Data shown:

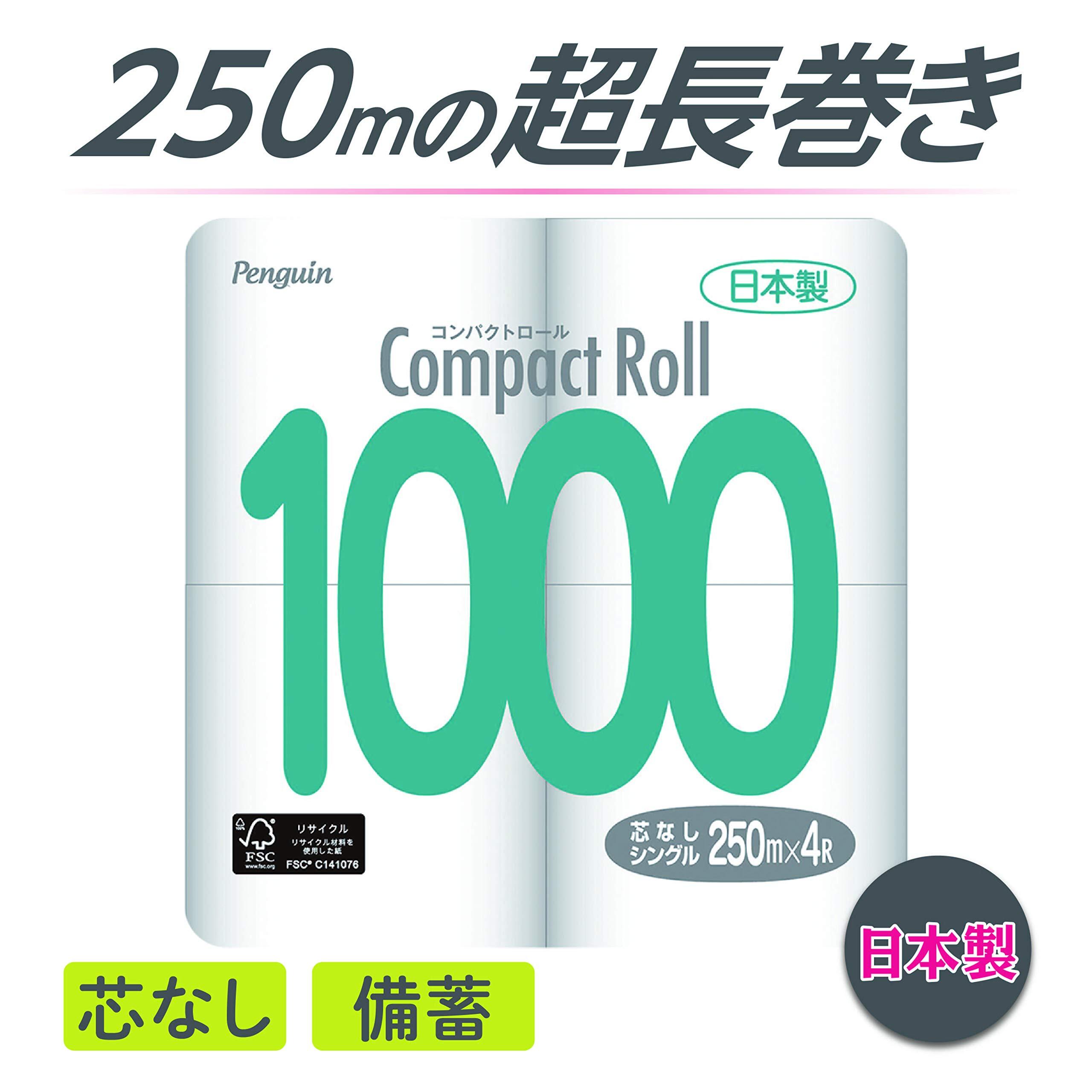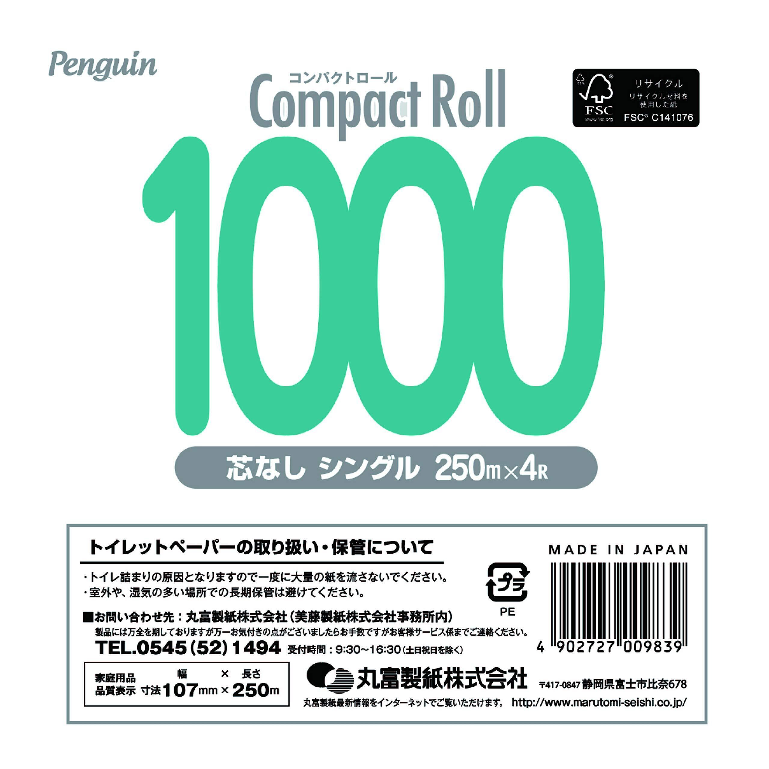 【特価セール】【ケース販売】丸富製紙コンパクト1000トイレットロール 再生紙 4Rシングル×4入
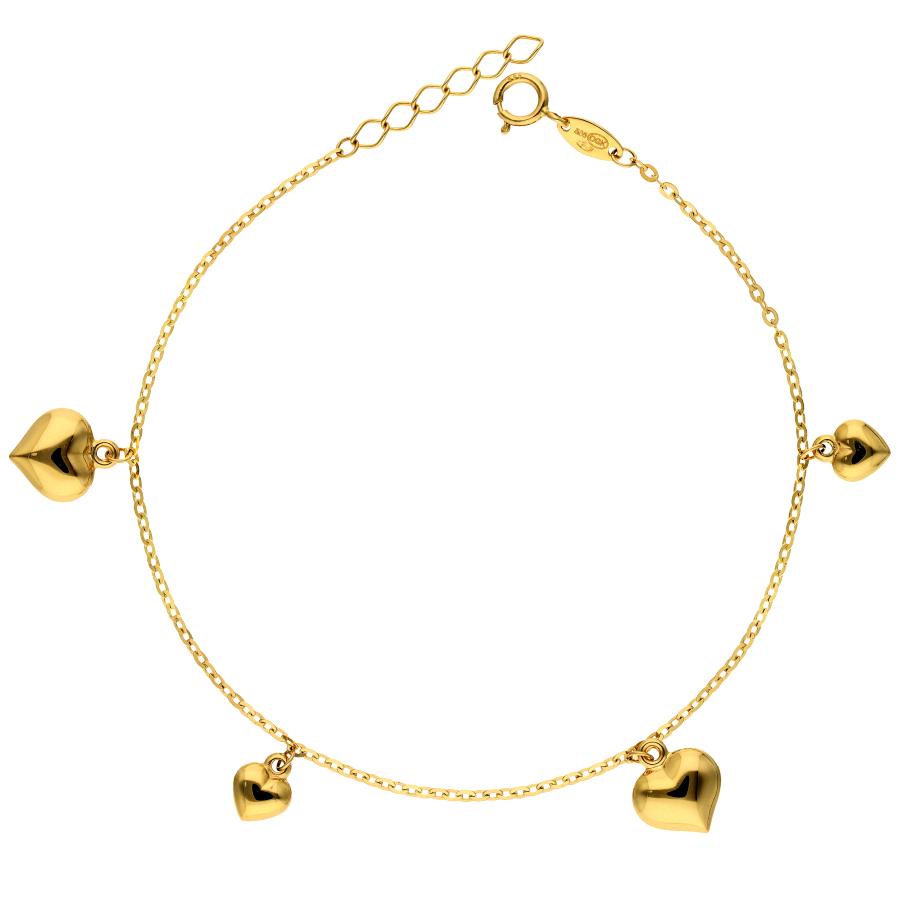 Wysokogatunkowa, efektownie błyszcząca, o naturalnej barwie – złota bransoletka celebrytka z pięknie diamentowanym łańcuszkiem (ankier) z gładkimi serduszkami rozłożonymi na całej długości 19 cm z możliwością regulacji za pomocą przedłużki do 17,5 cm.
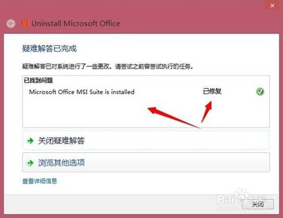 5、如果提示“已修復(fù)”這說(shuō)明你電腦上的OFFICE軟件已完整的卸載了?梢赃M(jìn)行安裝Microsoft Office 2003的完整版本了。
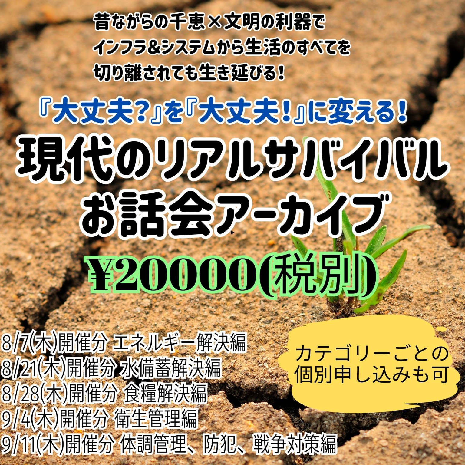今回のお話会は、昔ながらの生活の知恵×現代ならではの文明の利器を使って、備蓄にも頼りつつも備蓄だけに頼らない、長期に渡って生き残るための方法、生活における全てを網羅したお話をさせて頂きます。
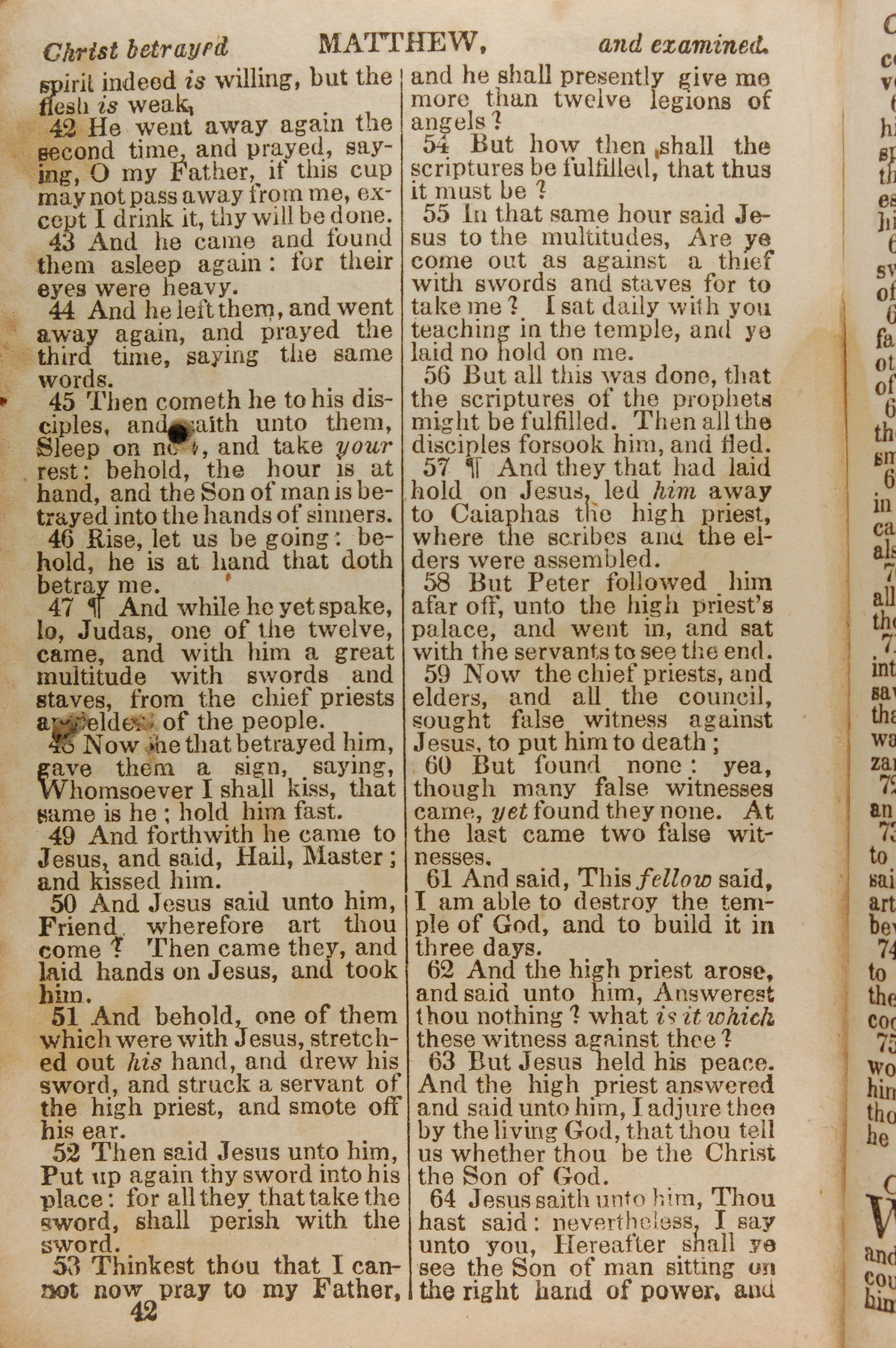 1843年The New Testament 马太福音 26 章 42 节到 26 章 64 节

==

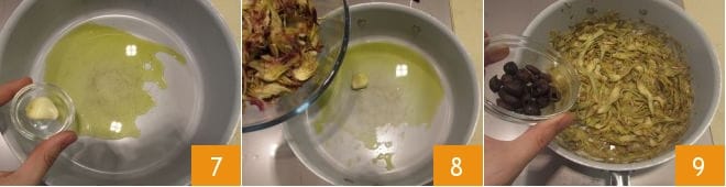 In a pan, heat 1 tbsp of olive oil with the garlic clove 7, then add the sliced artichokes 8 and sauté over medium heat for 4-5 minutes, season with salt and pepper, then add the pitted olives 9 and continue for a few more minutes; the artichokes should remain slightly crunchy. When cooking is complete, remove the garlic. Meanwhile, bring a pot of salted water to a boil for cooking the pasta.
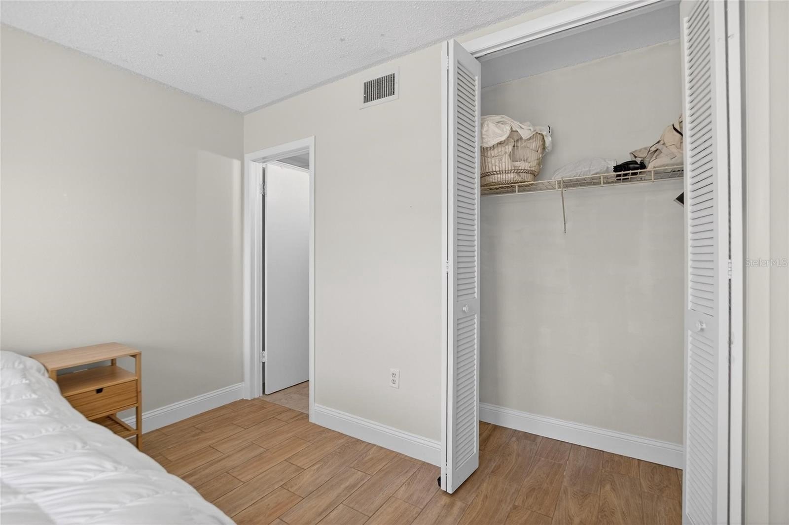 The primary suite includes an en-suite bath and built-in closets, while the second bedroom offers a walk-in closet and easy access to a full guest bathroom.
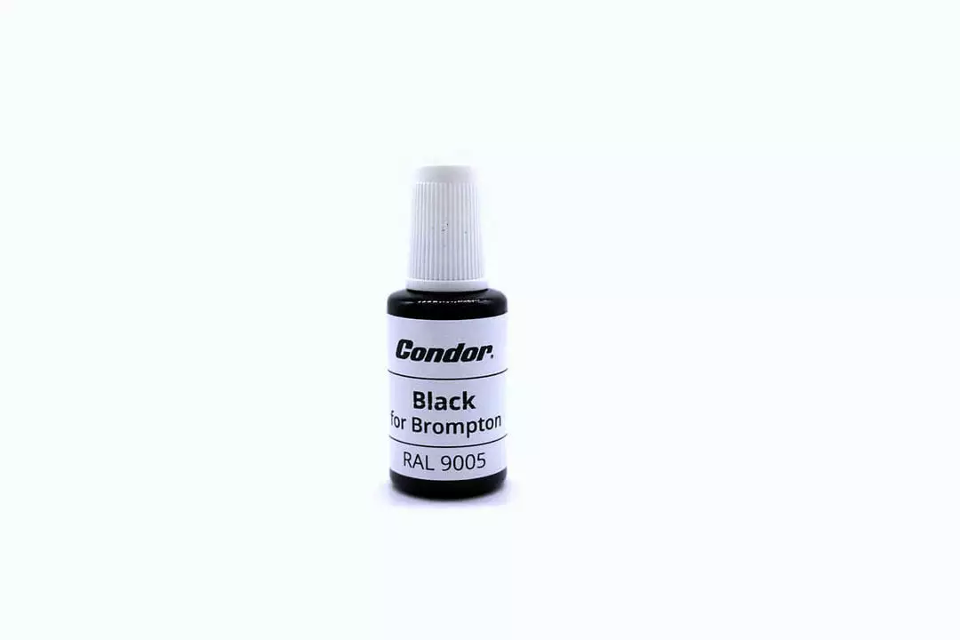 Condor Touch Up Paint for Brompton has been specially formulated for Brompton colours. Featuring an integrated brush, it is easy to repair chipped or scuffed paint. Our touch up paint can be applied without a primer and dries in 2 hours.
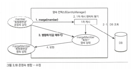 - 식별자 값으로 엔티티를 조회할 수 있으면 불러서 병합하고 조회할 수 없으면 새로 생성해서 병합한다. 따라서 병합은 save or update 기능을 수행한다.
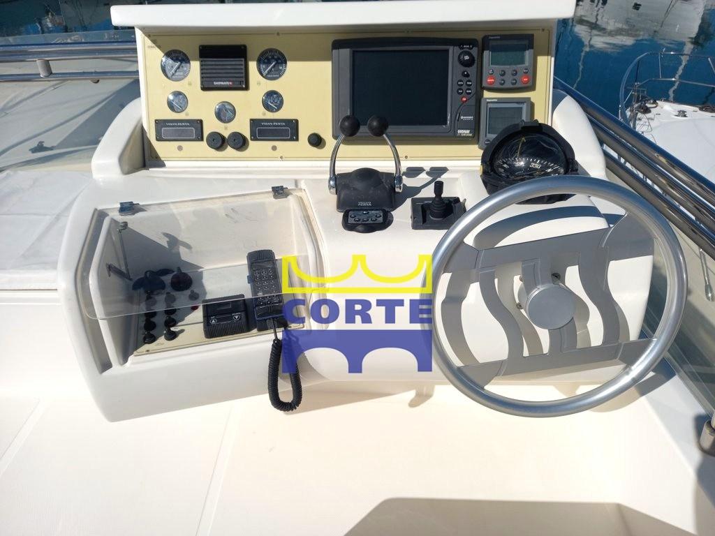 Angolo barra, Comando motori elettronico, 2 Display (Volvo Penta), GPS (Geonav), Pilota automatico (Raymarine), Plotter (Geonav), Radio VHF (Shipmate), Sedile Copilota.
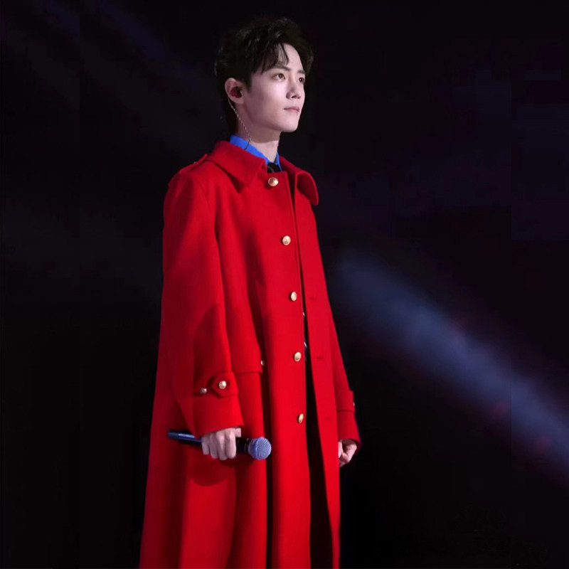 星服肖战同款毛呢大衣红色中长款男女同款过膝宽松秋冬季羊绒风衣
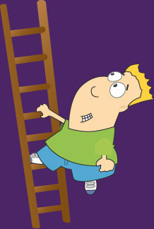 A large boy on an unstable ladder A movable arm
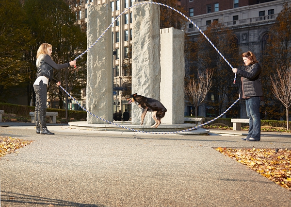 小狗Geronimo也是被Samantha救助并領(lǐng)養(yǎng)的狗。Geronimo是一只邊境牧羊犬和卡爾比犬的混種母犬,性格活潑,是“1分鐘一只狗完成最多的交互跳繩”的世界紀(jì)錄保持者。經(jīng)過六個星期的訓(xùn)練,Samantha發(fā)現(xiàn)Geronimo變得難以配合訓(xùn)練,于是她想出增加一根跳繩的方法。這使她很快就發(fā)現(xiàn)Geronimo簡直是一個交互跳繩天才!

--

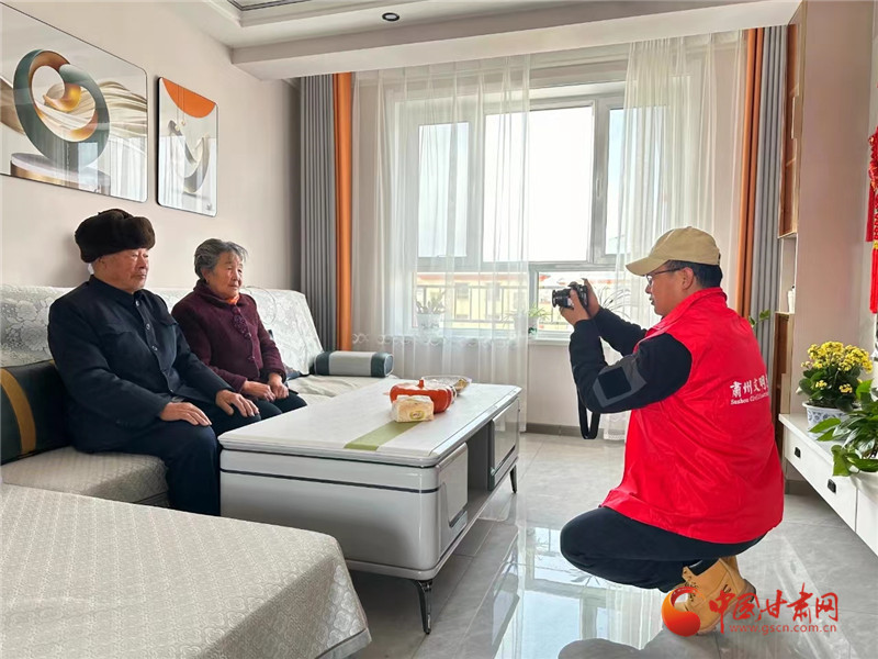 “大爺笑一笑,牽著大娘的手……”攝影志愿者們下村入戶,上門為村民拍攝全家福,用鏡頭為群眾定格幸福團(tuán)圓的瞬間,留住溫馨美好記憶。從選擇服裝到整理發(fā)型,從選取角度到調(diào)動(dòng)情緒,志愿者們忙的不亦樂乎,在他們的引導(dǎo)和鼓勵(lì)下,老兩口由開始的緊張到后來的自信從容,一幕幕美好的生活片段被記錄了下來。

Exercise directions: Only the lines of the listing above from the one with "Wysokogatunkowa, efektownie błyszcząca, o" through the one with "1843年The New Testament" should be output, exactly, with both ends kept and pictures left out.

Solution:
 Wysokogatunkowa, efektownie błyszcząca, o naturalnej barwie – złota bransoletka celebrytka z pięknie diamentowanym łańcuszkiem (ankier) z gładkimi serduszkami rozłożonymi na całej długości 19 cm z możliwością regulacji za pomocą przedłużki do 17,5 cm.
 5、如果提示“已修復(fù)”這說(shuō)明你電腦上的OFFICE軟件已完整的卸載了?梢赃M(jìn)行安裝Microsoft Office 2003的完整版本了。
今回のお話会は、昔ながらの生活の知恵×現代ならではの文明の利器を使って、備蓄にも頼りつつも備蓄だけに頼らない、長期に渡って生き残るための方法、生活における全てを網羅したお話をさせて頂きます。
 1843年The New Testament 马太福音 26 章 42 节到 26 章 64 节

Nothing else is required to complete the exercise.